Topic 9: Expectation

Thus far, we have learned how to represent the probabilistic behavior of a random variable X using the density function f$_X$ or the mass function p$_X$.
Sometimes, we want to describe X probabilistically using only a small number of parameters. The expectation is often used to do this.
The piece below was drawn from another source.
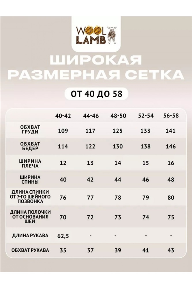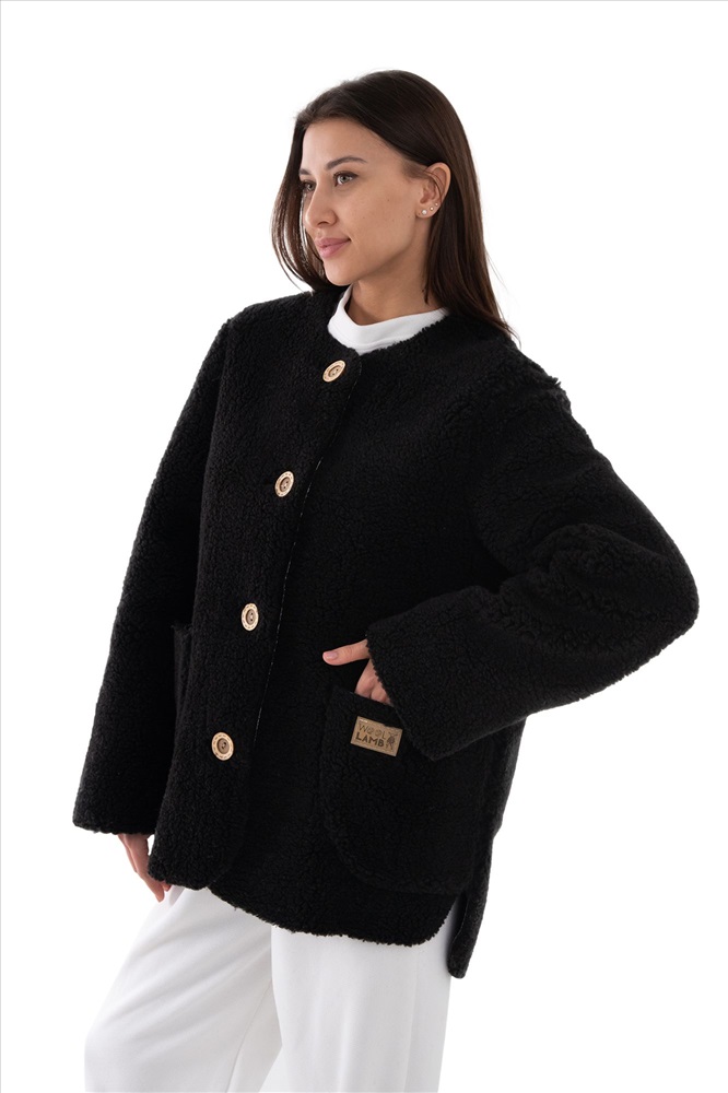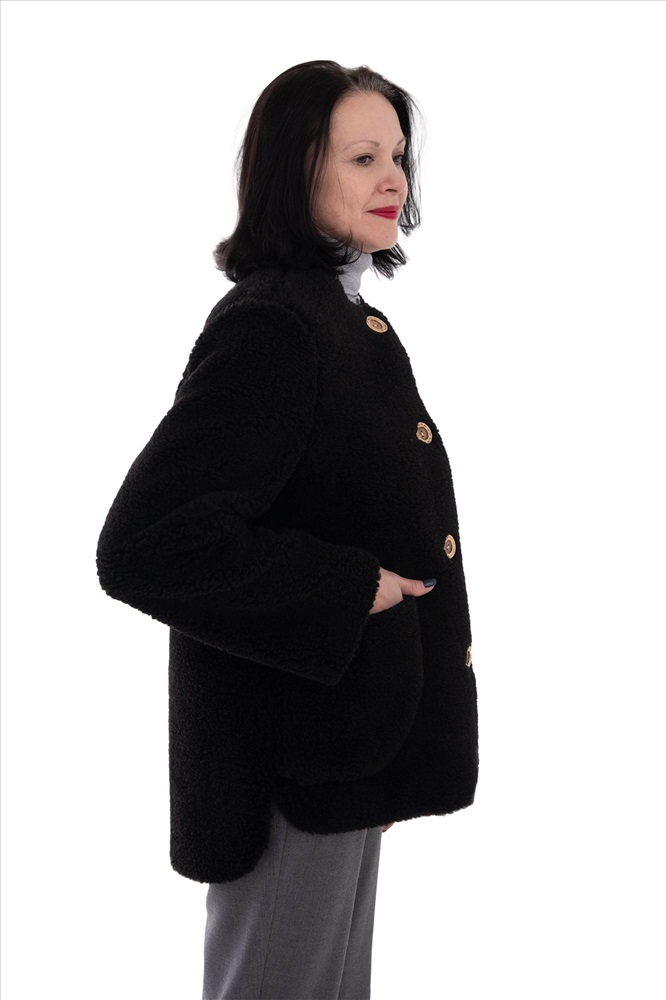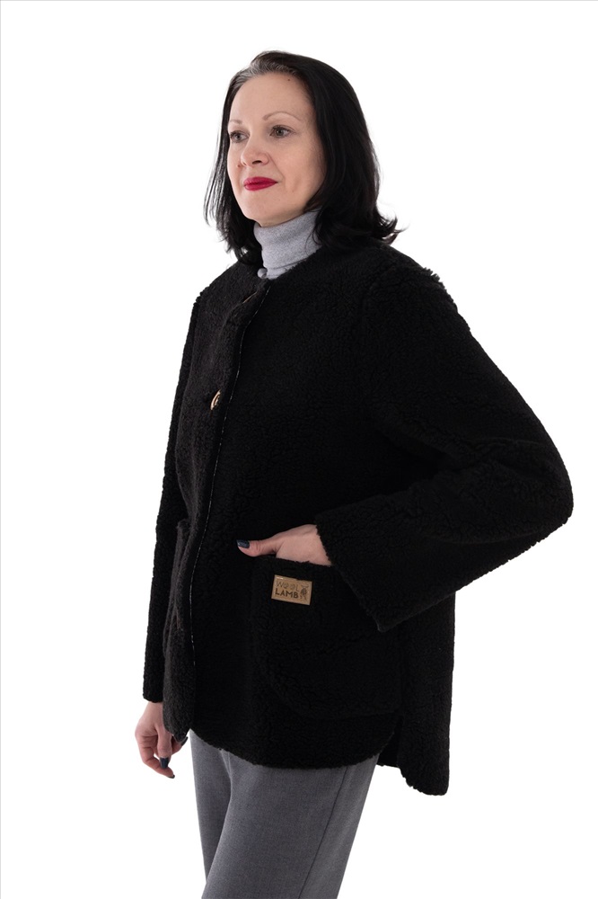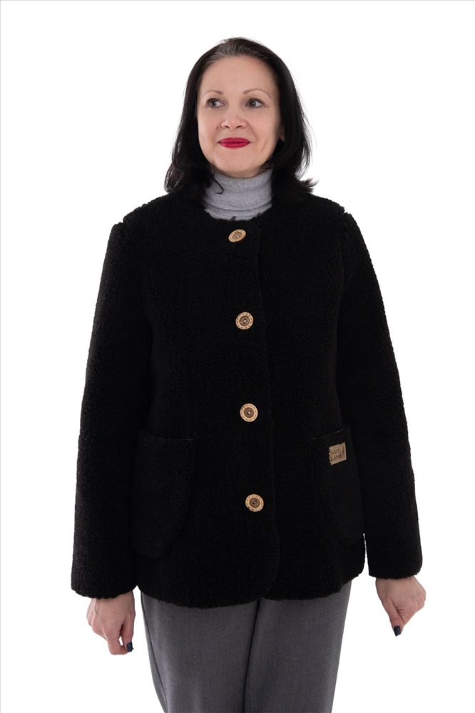 В таблице размеров указаны замеры готового изделия., Жакет меховой, БЕЗ ОБРАБОТКИ КРАЯ, застежка пуговицы, накладной карман, без воротника. Высота ворса 12 мм, изнутри меховой начес., Куртка легкая имеет прямой силуэт и стильный дизайн. Это позволяет носить ее в осенне-зимний период, как юным дамам, так и старшим поколениям. Шерстяной начёс из овечьего меха прекрасно держит тепло, согревает поясничный отдел и шею., Это позволяет снизить боли при радикулитах, смещениях позвонков., Оздоровительный эффект: Микромассаж шерстинками вызывает волны приятного тепла. Это позволяет чувствовать себя комфортно в любой мороз. Так же жакет помогает снизить боли в позвоночнике и мышцах спины, когда они застужены. Шерсть овцы прекрасно помогает расслабить спинные мышцы при тяжелых нагрузках., Уход за изделием: Все шерстяные изделия требуют ухода. Их запрещается гладить и подвергнуть химической очистке. Стирать можно при температуре воды не более 30 градусов с использованием специальных моющих средств. Не рекомендуется сушить куртку на солнце или батареях., Рекомендации по применению: Ежедневная носка.

Definition $\qquad$ the expected value of continuous random variable X is defined as

$E[X] = \int_{-\infty}^{\infty}xf_X(x)dx$

Definition $\qquad$ the expected value of discrete random variable X is defined as

$E[X] = \sum_{x\in\mathcal R_X}xp_X(x)$

where $R_X$ is the range space of X.

Note:

• E[X] is also known as the mean of X. Other notation for E[X] include:
$EX,\;\overline{X},\;m_X,\;\mu_X$
• The equation defining E[X] for discrete X could have been derived from that for continuous X, using the density function f$_X$ containing $\delta$-functions.

Example $\qquad$ X is an exponential random variable. find E[X].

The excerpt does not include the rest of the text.